━━ SOURCE DATA

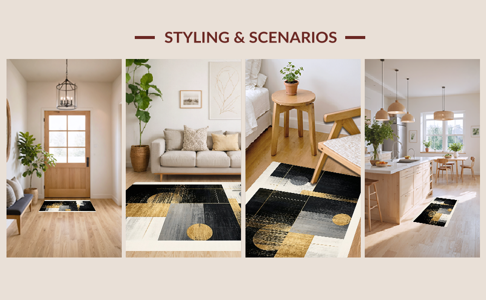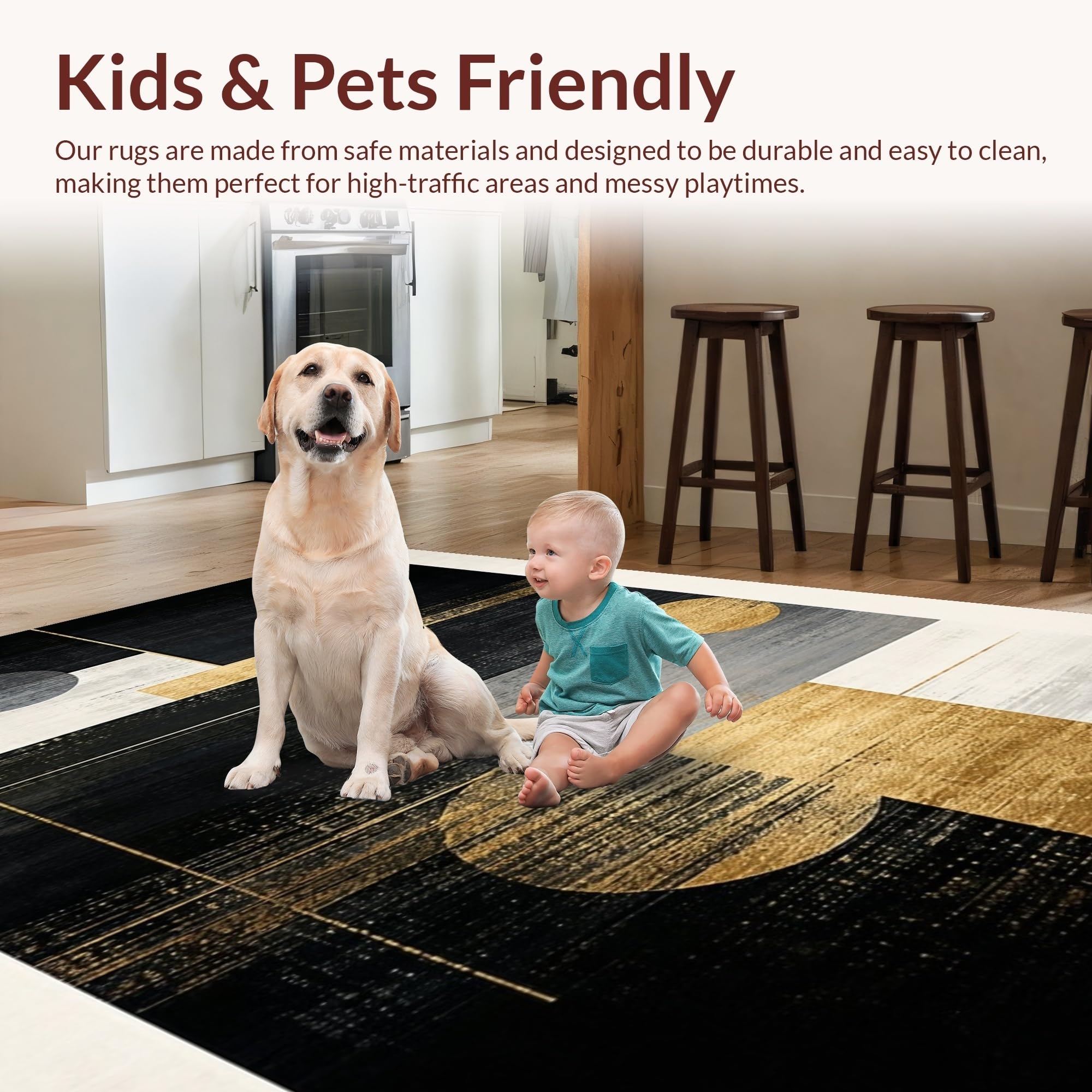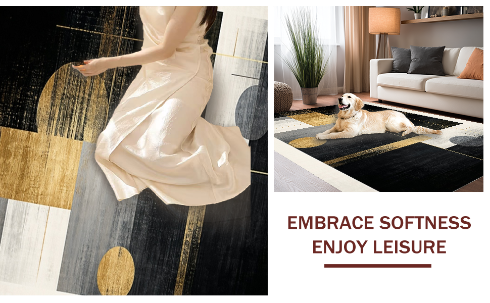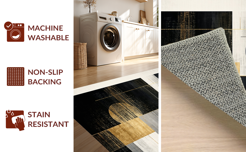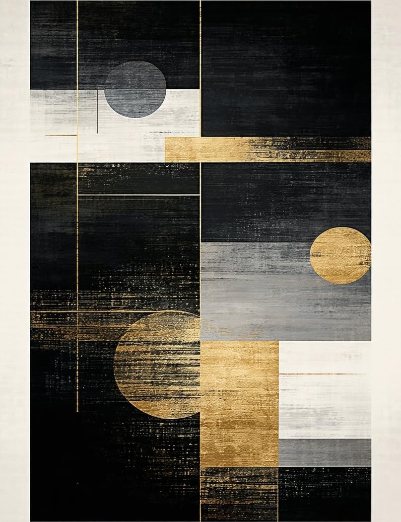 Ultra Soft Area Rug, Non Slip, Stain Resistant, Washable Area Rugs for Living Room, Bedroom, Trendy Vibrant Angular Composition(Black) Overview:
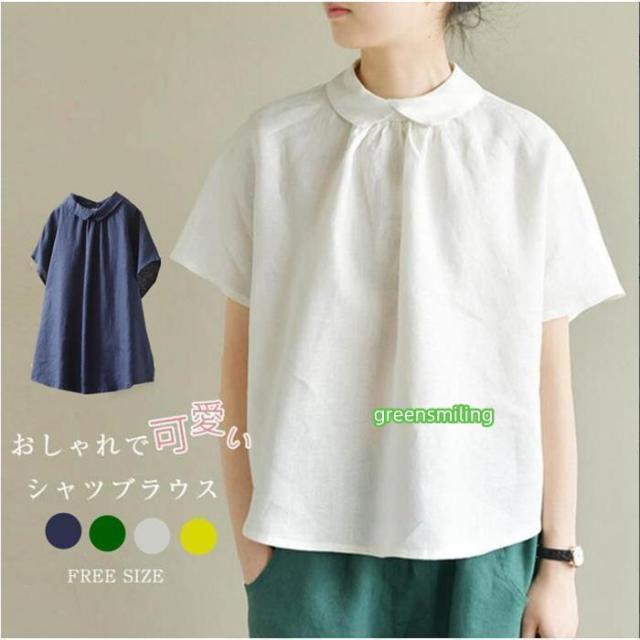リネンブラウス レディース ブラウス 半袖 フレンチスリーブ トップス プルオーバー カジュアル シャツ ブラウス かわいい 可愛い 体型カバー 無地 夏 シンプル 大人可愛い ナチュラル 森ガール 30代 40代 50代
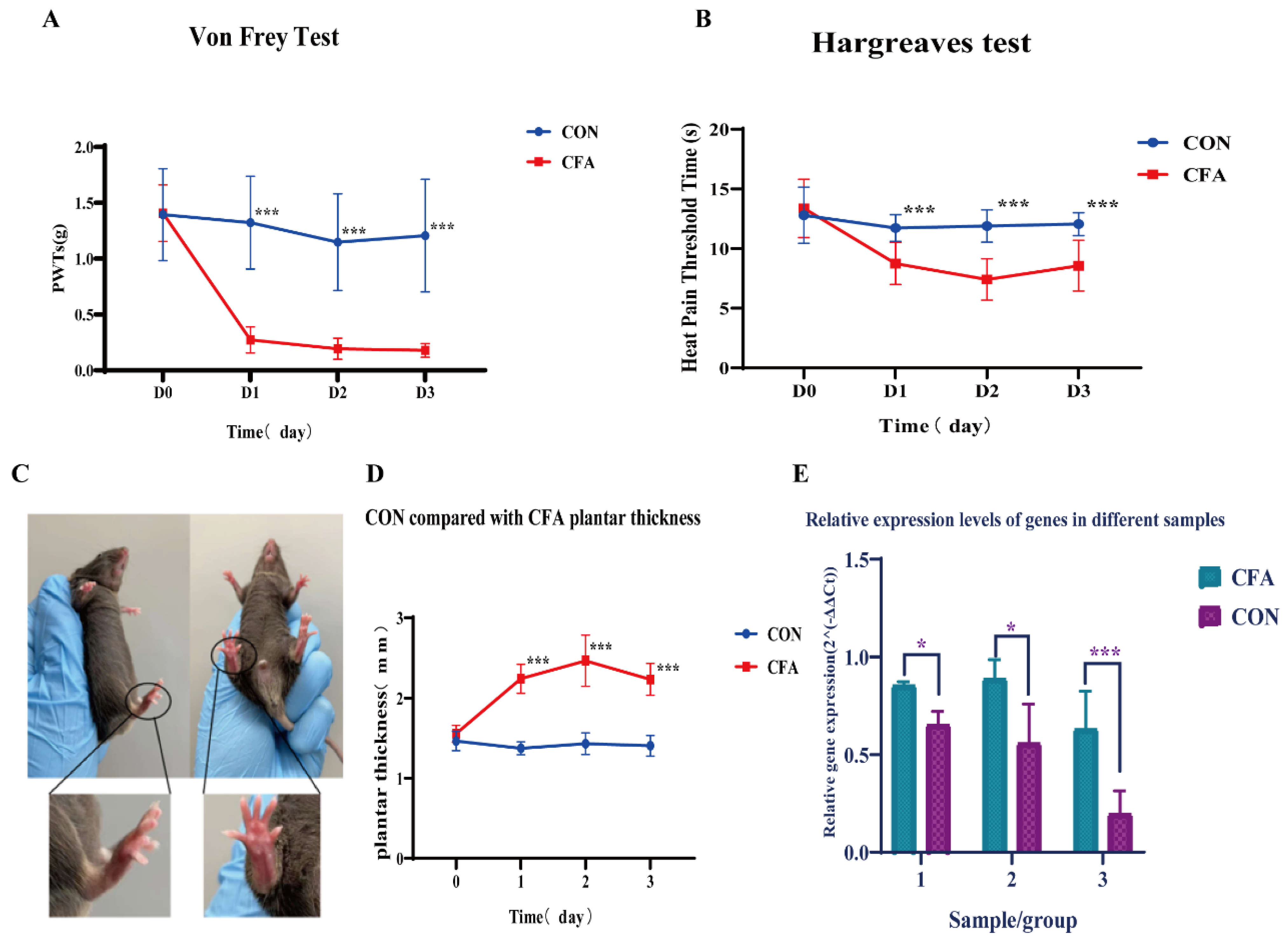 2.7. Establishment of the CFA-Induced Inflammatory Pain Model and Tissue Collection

━━━━

EXERCISE INSTRUCTIONS: No pictures, please. Output the listing above exactly as it stands.

YOUR SOLUTION:
 Ultra Soft Area Rug, Non Slip, Stain Resistant, Washable Area Rugs for Living Room, Bedroom, Trendy Vibrant Angular Composition(Black) Overview:
リネンブラウス レディース ブラウス 半袖 フレンチスリーブ トップス プルオーバー カジュアル シャツ ブラウス かわいい 可愛い 体型カバー 無地 夏 シンプル 大人可愛い ナチュラル 森ガール 30代 40代 50代
 2.7. Establishment of the CFA-Induced Inflammatory Pain Model and Tissue Collection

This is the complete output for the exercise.